There is one great thing about negative responses to transhumanism - they aren't original. In fact, there is at most about 20 standard knee-jerk reactions that are automatically evoked in people. Among them are:

 

 

"Aren't you playing God?"

 

"Doesn't He want us to live up to our fullest potential? We can have time to truly redeem ourselves, and build holy lives, before we are judged, because none of us are perfect.

I believe He loves us as our Father. Why wouldn't He want us to have th every best?"

 

"I think trying to help people is one of the ways we are in Gods image. I just can't stand back and by my inaction let millions suffer and die, I don't think God gave us the ability to fix this if we wern't meant use it. "

 

"C.s Lewis beleived that death is not natural, because the bible says that before the fall immortality was our natural state. And death is a curse on the living. God rewarded many of his followers faith with long life, like job who chose to stay in this world"

 

"Jesus was a great healer of suffering, he wouldn't want the wisest of us to suffer"

 

 

"Isn't this against nature?"

 

"I guess it is against nature, like glasses and fire are against nature. But if you look at it another way making things better is just another part of being human, arn't you glad that we don't practise cannabilism or that our courtships don't involve clubs. That doesn't mean we need to hurt the earth when we improve things though! Truly civilised technologys can let us live with nature, and even repair nature. We need to reach this stage before global warming and habitat destruction kill of most of our planets ecosystem. Luckily where nearly their."

 

 

 

"Won't the rich get all these technologies before the poor?"

 

"The fact that the rich are greedy can work in our favour. It will be like penicillin, in the beginning the rich wanted it so much they footed enourmous bills, this helped it develop. Eventually it was cheap enought that it could save the lives of those who really need it. If we made sure these were cheap before they were available it would cost us a fortune in tax. Let the rich foot the bill I say."

 

 

The good thing about them is that since we already know what our potential opponents will say, we can prepare a good response. And since our opponents haven't really changed their reasoning over the past decade or so, we can hone our responses to perfection. May be we literally should learn perfect witty and "original" responses by heart and be able to recite them when needed.

 

We need to identify all those difficult challenges from the other side and prepare strategies for the other side to use against us, and then be prepared to respond to those. The other side may bring up higher shock values to make us look bad and we must have a response (that would give us confidence).

 

Deathism fallacies

"life is defined by death"

"Instead of defining life by death we can define it by goals and milestones, or retirement, or replace death with a 10 year holiday at 80" "That way we don't have to cut life short just to define it"

 

"Tithonus Error"

at Fight Aging! - people have no enthusiasm for healthy life extension precisely because they think it that a longer life necessarily means more infirmity and disease.
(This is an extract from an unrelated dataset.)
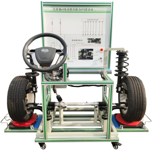 動(dòng)力轉向控制電腦(ECU)、診斷座、點(diǎn)火開(kāi)關(guān)、前橋懸掛機構、方向盤(pán)、轉向柱、電動(dòng)助力方機、轉向拉桿、前左右車(chē)輪總成、信號模擬裝置、扭矩傳感器、扭矩傳感器信號電壓數顯表、故障模擬與排除裝置、前輪左右轉盤(pán)、一體化全鋁合金型材搭建的移動(dòng)臺架(1500×1000×1700mm ,帶自鎖腳輪裝置,帶安裝檢測端子的原理面板948×898mm)、設備操作說(shuō)明書(shū)。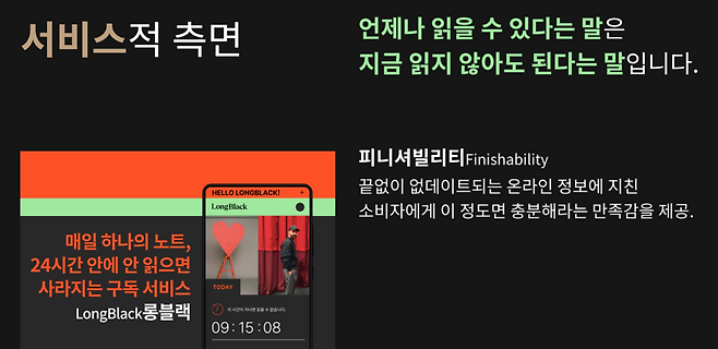 대부분의 사람들은 온라인상에 너무 많은 콘텐츠들을 접하면서 아무리 공부하고 또 공부해도 끊임없이 읽을 게 남아 있다는 막막한 기분에 휩싸이는 경우가 많다. 롱블랙은 그런 점을 간파해 ‘오늘은 이거 하나만 읽으면 해야 할 일을 완수했다’는 피니셔빌리티를 준다. 이와 관련 임 대표는 “많은 분들이 강제성을 부여해 준 덕분에 내가 더 많은 지식을 소비하게 됐다고 한다”며 롱블랙을 이용하는 소비자들의 심리적 만족감에 대해 말을 이어갔다.

"Instead of having endless hip-replacements, cancer treatment waiting lists like we do now, we want a fountain of youth so you can opt out of being senile"

 

"Boredom" -

The assumption of boredom, I think, is connected to another common misperception: that anti-aging technologies imply people will be forced to use them to live longer than they would have wanted.

The emphasis may be that real anti-aging medicine would provide you with an option that you didn't have before. No-one is forcing you to take it, and it's your decision.

Or this could be countered with a powerful image of all the things they could do with their life givin enougth time.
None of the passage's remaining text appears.